## Available data
-=-=-

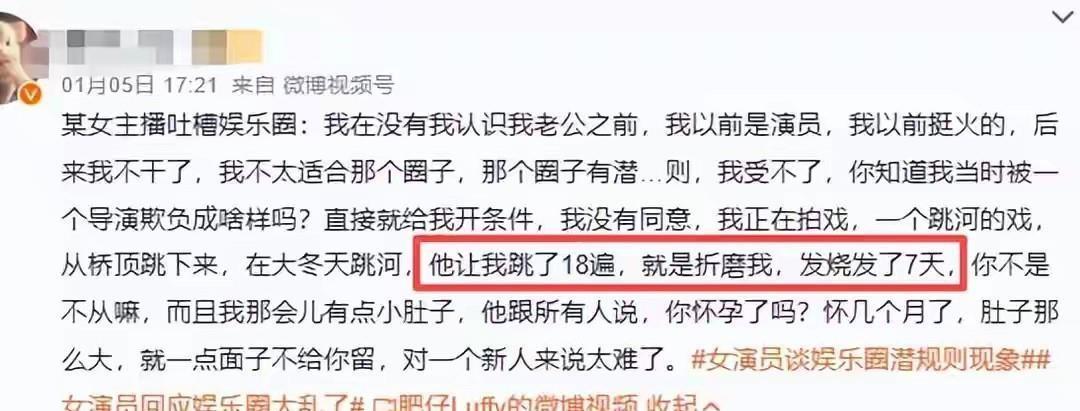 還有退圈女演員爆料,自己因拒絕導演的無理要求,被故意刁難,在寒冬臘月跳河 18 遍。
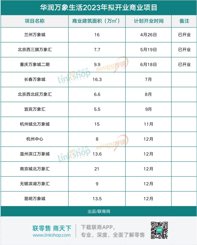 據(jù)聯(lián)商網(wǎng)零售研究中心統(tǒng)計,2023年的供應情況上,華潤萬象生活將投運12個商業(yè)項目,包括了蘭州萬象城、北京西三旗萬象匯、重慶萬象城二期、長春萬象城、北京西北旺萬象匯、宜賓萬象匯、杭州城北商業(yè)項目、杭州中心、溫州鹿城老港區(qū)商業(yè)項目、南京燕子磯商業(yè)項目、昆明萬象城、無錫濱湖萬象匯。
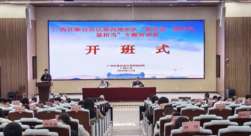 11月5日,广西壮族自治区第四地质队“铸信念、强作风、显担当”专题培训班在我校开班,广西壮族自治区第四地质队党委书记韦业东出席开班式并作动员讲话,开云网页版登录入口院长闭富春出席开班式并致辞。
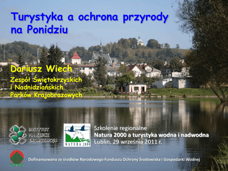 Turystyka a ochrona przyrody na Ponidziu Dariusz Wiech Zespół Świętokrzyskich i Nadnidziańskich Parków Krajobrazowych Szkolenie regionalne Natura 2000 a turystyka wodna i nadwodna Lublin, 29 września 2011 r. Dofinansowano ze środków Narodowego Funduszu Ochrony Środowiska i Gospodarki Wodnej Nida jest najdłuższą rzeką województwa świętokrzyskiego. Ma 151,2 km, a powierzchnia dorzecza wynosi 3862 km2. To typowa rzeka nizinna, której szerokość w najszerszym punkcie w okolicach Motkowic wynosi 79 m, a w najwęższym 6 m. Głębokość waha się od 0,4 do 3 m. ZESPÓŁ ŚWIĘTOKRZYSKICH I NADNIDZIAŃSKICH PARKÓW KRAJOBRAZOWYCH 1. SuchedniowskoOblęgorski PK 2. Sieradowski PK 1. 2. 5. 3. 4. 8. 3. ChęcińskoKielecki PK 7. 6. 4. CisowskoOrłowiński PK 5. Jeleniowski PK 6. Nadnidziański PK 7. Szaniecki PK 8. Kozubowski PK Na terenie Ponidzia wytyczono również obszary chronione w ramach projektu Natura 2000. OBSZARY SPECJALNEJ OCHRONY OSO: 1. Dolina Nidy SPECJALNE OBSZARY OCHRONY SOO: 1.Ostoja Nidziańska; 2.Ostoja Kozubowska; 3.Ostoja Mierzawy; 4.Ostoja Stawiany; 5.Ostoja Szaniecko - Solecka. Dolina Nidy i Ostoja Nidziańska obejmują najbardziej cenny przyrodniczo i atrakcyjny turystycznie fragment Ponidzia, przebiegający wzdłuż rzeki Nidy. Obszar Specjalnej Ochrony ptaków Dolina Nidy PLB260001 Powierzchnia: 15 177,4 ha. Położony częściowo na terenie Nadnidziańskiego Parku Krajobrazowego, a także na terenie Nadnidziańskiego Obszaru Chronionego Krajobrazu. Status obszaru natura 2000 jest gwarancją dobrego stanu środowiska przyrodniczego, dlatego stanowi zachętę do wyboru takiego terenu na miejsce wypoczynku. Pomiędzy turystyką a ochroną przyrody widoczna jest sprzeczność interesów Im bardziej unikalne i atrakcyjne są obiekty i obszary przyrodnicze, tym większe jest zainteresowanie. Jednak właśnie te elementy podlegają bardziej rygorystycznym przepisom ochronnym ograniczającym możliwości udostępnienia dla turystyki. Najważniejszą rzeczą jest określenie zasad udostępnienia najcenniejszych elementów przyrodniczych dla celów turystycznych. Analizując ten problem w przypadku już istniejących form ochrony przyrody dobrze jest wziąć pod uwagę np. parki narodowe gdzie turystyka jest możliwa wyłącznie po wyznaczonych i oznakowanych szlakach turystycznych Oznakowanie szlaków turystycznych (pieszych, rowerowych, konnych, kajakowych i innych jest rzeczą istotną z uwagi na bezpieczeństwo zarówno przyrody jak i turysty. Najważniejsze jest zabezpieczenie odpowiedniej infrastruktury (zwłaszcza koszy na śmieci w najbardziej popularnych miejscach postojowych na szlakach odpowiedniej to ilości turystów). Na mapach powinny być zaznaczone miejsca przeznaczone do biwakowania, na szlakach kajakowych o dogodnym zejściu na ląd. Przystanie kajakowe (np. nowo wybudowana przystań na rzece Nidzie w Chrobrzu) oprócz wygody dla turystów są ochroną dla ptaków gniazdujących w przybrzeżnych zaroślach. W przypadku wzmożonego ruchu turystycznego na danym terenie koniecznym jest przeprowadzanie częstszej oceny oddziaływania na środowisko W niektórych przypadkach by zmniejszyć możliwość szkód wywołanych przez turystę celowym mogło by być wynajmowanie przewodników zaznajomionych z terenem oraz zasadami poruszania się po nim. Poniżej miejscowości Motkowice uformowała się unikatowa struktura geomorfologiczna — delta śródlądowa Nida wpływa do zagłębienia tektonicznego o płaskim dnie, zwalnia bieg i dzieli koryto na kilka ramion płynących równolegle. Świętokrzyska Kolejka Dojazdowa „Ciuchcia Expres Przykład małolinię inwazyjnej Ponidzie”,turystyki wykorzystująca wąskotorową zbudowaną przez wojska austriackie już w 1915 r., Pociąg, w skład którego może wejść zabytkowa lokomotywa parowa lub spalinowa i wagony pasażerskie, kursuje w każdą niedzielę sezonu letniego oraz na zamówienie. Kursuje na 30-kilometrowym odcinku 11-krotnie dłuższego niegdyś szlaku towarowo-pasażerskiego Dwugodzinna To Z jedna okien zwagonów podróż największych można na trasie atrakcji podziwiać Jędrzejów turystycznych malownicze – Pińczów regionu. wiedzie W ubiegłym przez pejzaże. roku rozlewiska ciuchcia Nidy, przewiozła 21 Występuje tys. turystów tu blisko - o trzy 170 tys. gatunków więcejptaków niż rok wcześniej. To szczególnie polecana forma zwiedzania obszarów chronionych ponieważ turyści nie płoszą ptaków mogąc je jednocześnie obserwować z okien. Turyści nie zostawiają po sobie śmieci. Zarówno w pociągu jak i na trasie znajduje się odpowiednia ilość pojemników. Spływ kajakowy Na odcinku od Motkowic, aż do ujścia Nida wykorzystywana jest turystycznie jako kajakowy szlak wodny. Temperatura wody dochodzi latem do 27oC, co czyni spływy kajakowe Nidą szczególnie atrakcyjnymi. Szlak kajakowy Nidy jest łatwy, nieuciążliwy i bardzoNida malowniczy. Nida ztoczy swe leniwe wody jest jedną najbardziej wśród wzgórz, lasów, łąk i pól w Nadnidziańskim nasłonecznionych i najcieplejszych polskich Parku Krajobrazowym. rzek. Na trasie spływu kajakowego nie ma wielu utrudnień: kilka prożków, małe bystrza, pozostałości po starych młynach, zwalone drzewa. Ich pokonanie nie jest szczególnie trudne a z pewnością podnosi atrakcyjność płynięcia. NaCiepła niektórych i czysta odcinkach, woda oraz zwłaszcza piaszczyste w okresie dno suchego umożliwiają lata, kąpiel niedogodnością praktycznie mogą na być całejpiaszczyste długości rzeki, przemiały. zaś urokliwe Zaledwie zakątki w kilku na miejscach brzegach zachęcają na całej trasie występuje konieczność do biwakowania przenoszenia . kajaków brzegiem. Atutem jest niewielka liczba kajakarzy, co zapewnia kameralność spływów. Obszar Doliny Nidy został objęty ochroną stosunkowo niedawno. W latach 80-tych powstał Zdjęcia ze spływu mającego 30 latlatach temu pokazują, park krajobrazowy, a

-=-=-

## What you are asked to do
In the reply, each line of the data must appear exactly as written, and no picture may appear.

## Result of the exercise
 還有退圈女演員爆料,自己因拒絕導演的無理要求,被故意刁難,在寒冬臘月跳河 18 遍。
 據(jù)聯(lián)商網(wǎng)零售研究中心統(tǒng)計,2023年的供應情況上,華潤萬象生活將投運12個商業(yè)項目,包括了蘭州萬象城、北京西三旗萬象匯、重慶萬象城二期、長春萬象城、北京西北旺萬象匯、宜賓萬象匯、杭州城北商業(yè)項目、杭州中心、溫州鹿城老港區(qū)商業(yè)項目、南京燕子磯商業(yè)項目、昆明萬象城、無錫濱湖萬象匯。
 11月5日,广西壮族自治区第四地质队“铸信念、强作风、显担当”专题培训班在我校开班,广西壮族自治区第四地质队党委书记韦业东出席开班式并作动员讲话,开云网页版登录入口院长闭富春出席开班式并致辞。
 Turystyka a ochrona przyrody na Ponidziu Dariusz Wiech Zespół Świętokrzyskich i Nadnidziańskich Parków Krajobrazowych Szkolenie regionalne Natura 2000 a turystyka wodna i nadwodna Lublin, 29 września 2011 r. Dofinansowano ze środków Narodowego Funduszu Ochrony Środowiska i Gospodarki Wodnej Nida jest najdłuższą rzeką województwa świętokrzyskiego. Ma 151,2 km, a powierzchnia dorzecza wynosi 3862 km2. To typowa rzeka nizinna, której szerokość w najszerszym punkcie w okolicach Motkowic wynosi 79 m, a w najwęższym 6 m. Głębokość waha się od 0,4 do 3 m. ZESPÓŁ ŚWIĘTOKRZYSKICH I NADNIDZIAŃSKICH PARKÓW KRAJOBRAZOWYCH 1. SuchedniowskoOblęgorski PK 2. Sieradowski PK 1. 2. 5. 3. 4. 8. 3. ChęcińskoKielecki PK 7. 6. 4. CisowskoOrłowiński PK 5. Jeleniowski PK 6. Nadnidziański PK 7. Szaniecki PK 8. Kozubowski PK Na terenie Ponidzia wytyczono również obszary chronione w ramach projektu Natura 2000. OBSZARY SPECJALNEJ OCHRONY OSO: 1. Dolina Nidy SPECJALNE OBSZARY OCHRONY SOO: 1.Ostoja Nidziańska; 2.Ostoja Kozubowska; 3.Ostoja Mierzawy; 4.Ostoja Stawiany; 5.Ostoja Szaniecko - Solecka. Dolina Nidy i Ostoja Nidziańska obejmują najbardziej cenny przyrodniczo i atrakcyjny turystycznie fragment Ponidzia, przebiegający wzdłuż rzeki Nidy. Obszar Specjalnej Ochrony ptaków Dolina Nidy PLB260001 Powierzchnia: 15 177,4 ha. Położony częściowo na terenie Nadnidziańskiego Parku Krajobrazowego, a także na terenie Nadnidziańskiego Obszaru Chronionego Krajobrazu. Status obszaru natura 2000 jest gwarancją dobrego stanu środowiska przyrodniczego, dlatego stanowi zachętę do wyboru takiego terenu na miejsce wypoczynku. Pomiędzy turystyką a ochroną przyrody widoczna jest sprzeczność interesów Im bardziej unikalne i atrakcyjne są obiekty i obszary przyrodnicze, tym większe jest zainteresowanie. Jednak właśnie te elementy podlegają bardziej rygorystycznym przepisom ochronnym ograniczającym możliwości udostępnienia dla turystyki. Najważniejszą rzeczą jest określenie zasad udostępnienia najcenniejszych elementów przyrodniczych dla celów turystycznych. Analizując ten problem w przypadku już istniejących form ochrony przyrody dobrze jest wziąć pod uwagę np. parki narodowe gdzie turystyka jest możliwa wyłącznie po wyznaczonych i oznakowanych szlakach turystycznych Oznakowanie szlaków turystycznych (pieszych, rowerowych, konnych, kajakowych i innych jest rzeczą istotną z uwagi na bezpieczeństwo zarówno przyrody jak i turysty. Najważniejsze jest zabezpieczenie odpowiedniej infrastruktury (zwłaszcza koszy na śmieci w najbardziej popularnych miejscach postojowych na szlakach odpowiedniej to ilości turystów). Na mapach powinny być zaznaczone miejsca przeznaczone do biwakowania, na szlakach kajakowych o dogodnym zejściu na ląd. Przystanie kajakowe (np. nowo wybudowana przystań na rzece Nidzie w Chrobrzu) oprócz wygody dla turystów są ochroną dla ptaków gniazdujących w przybrzeżnych zaroślach. W przypadku wzmożonego ruchu turystycznego na danym terenie koniecznym jest przeprowadzanie częstszej oceny oddziaływania na środowisko W niektórych przypadkach by zmniejszyć możliwość szkód wywołanych przez turystę celowym mogło by być wynajmowanie przewodników zaznajomionych z terenem oraz zasadami poruszania się po nim. Poniżej miejscowości Motkowice uformowała się unikatowa struktura geomorfologiczna — delta śródlądowa Nida wpływa do zagłębienia tektonicznego o płaskim dnie, zwalnia bieg i dzieli koryto na kilka ramion płynących równolegle. Świętokrzyska Kolejka Dojazdowa „Ciuchcia Expres Przykład małolinię inwazyjnej Ponidzie”,turystyki wykorzystująca wąskotorową zbudowaną przez wojska austriackie już w 1915 r., Pociąg, w skład którego może wejść zabytkowa lokomotywa parowa lub spalinowa i wagony pasażerskie, kursuje w każdą niedzielę sezonu letniego oraz na zamówienie. Kursuje na 30-kilometrowym odcinku 11-krotnie dłuższego niegdyś szlaku towarowo-pasażerskiego Dwugodzinna To Z jedna okien zwagonów podróż największych można na trasie atrakcji podziwiać Jędrzejów turystycznych malownicze – Pińczów regionu. wiedzie W ubiegłym przez pejzaże. roku rozlewiska ciuchcia Nidy, przewiozła 21 Występuje tys. turystów tu blisko - o trzy 170 tys. gatunków więcejptaków niż rok wcześniej. To szczególnie polecana forma zwiedzania obszarów chronionych ponieważ turyści nie płoszą ptaków mogąc je jednocześnie obserwować z okien. Turyści nie zostawiają po sobie śmieci. Zarówno w pociągu jak i na trasie znajduje się odpowiednia ilość pojemników. Spływ kajakowy Na odcinku od Motkowic, aż do ujścia Nida wykorzystywana jest turystycznie jako kajakowy szlak wodny. Temperatura wody dochodzi latem do 27oC, co czyni spływy kajakowe Nidą szczególnie atrakcyjnymi. Szlak kajakowy Nidy jest łatwy, nieuciążliwy i bardzoNida malowniczy. Nida ztoczy swe leniwe wody jest jedną najbardziej wśród wzgórz, lasów, łąk i pól w Nadnidziańskim nasłonecznionych i najcieplejszych polskich Parku Krajobrazowym. rzek. Na trasie spływu kajakowego nie ma wielu utrudnień: kilka prożków, małe bystrza, pozostałości po starych młynach, zwalone drzewa. Ich pokonanie nie jest szczególnie trudne a z pewnością podnosi atrakcyjność płynięcia. NaCiepła niektórych i czysta odcinkach, woda oraz zwłaszcza piaszczyste w okresie dno suchego umożliwiają lata, kąpiel niedogodnością praktycznie mogą na być całejpiaszczyste długości rzeki, przemiały. zaś urokliwe Zaledwie zakątki w kilku na miejscach brzegach zachęcają na całej trasie występuje konieczność do biwakowania przenoszenia . kajaków brzegiem. Atutem jest niewielka liczba kajakarzy, co zapewnia kameralność spływów. Obszar Doliny Nidy został objęty ochroną stosunkowo niedawno. W latach 80-tych powstał Zdjęcia ze spływu mającego 30 latlatach temu pokazują, park krajobrazowy, a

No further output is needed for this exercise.